Electric cars will have to let go of their subsidy baggage in order to be successful: Opel’s Chief

Having completed the $2.2 billion acquisition of Opel and Vauxhall earlier this year, the PSA Group, like its peers, is now focusing on launching Evs in the market.

As per PSA Group’s Chief executive, Carlos Tavares, although the company will support Opel’s introduction of electric cars into the market, he has highlighted the need for it to be profitable in order to ensure its success, reported German daily, Bild am Sonntag.

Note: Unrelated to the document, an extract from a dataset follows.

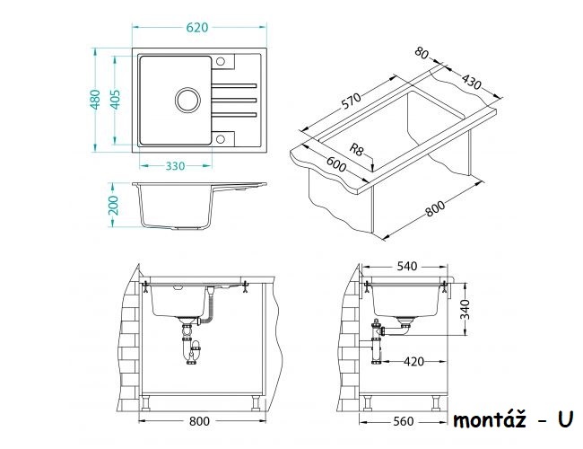 a s odbočkou na umývačku. /pre úsporu miesta/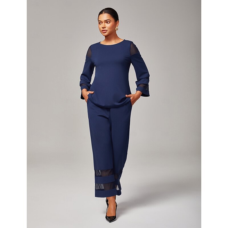 Women's Navy Blue Modal Chiffon Matching Set Fitted Blouse Cropped Pants Elegant Stylish Comfortable Daily Work Evening Wear Fall 1

“If it works and companies can be profitable that’s good. But if it does not gain acceptance in the market, then everybody: industry, employees, and politicians have a big problem,” said Tavares to the paper.

The PSA Group acquired Opel and Vauxhall for 2.2 billion earlier this year in August.

“We as PSA will make the technology available to Opel to pursue further electrification. If Opel wants to become a fully electric brand some day, we’re ok with that, providing it is profitable,” said Tavares in a joint interview with new Opel Chief Executive Michael Lohscheller.

Tavares underscored the fact that in order for electric cars to be accepted in the market, they need to be marketed without subsidies.

Asked whether Opel will be profitable in three years time, Michael Lohscheller’s the company’s new CEO said, “Opel must be and will be profitable.”

Earlier this month, auto trade weekly Automobilwoche reported that Opel’s losses had widened in the second quarter to nearly $250 million.